**Prompt**
Please retype the listing exactly as it appears, skipping each picture.

**Source material**
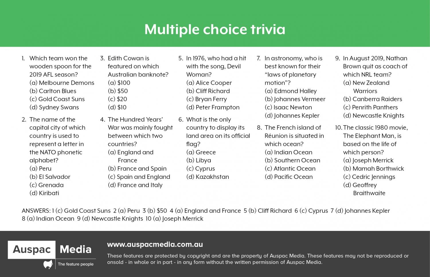 Trivia questions are a great way to challenge your memory and learn new facts. They can cover a wide range of topics, from history and geography to pop culture and sports. By answering multiple choice questions, you can test your knowledge and see how much you really know about the world around you.
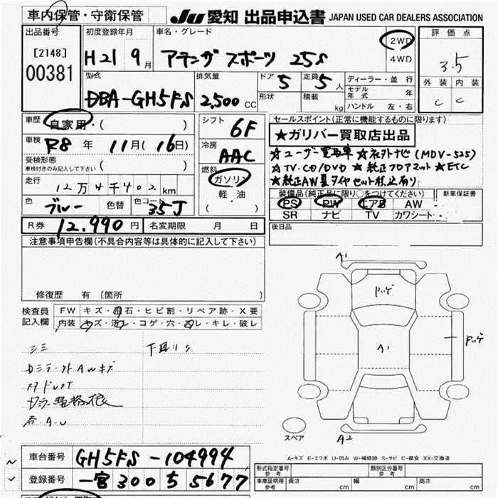 Mazda ATENZA SPORT с аукциона Японии JU Aichi лот № 381
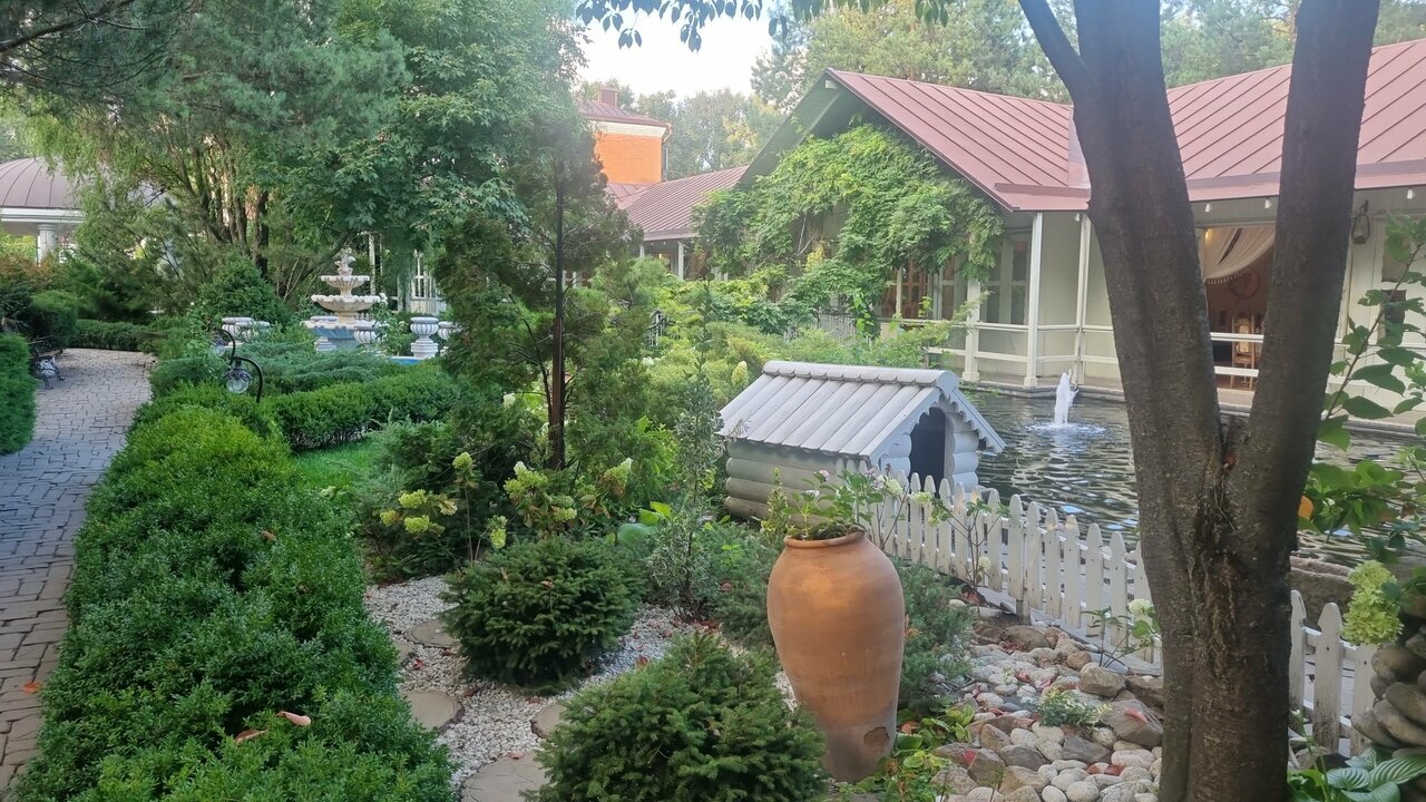 - Красивая территория.; Разнообразие в меню ресторана.; Красивые интерьеры.; Живописное место для завтрака (сад, пруд).; Ухоженная территория с фонтанами и лебедями.

**Solution to this exercise**
 Trivia questions are a great way to challenge your memory and learn new facts. They can cover a wide range of topics, from history and geography to pop culture and sports. By answering multiple choice questions, you can test your knowledge and see how much you really know about the world around you.
 Mazda ATENZA SPORT с аукциона Японии JU Aichi лот № 381
 - Красивая территория.; Разнообразие в меню ресторана.; Красивые интерьеры.; Живописное место для завтрака (сад, пруд).; Ухоженная территория с фонтанами и лебедями.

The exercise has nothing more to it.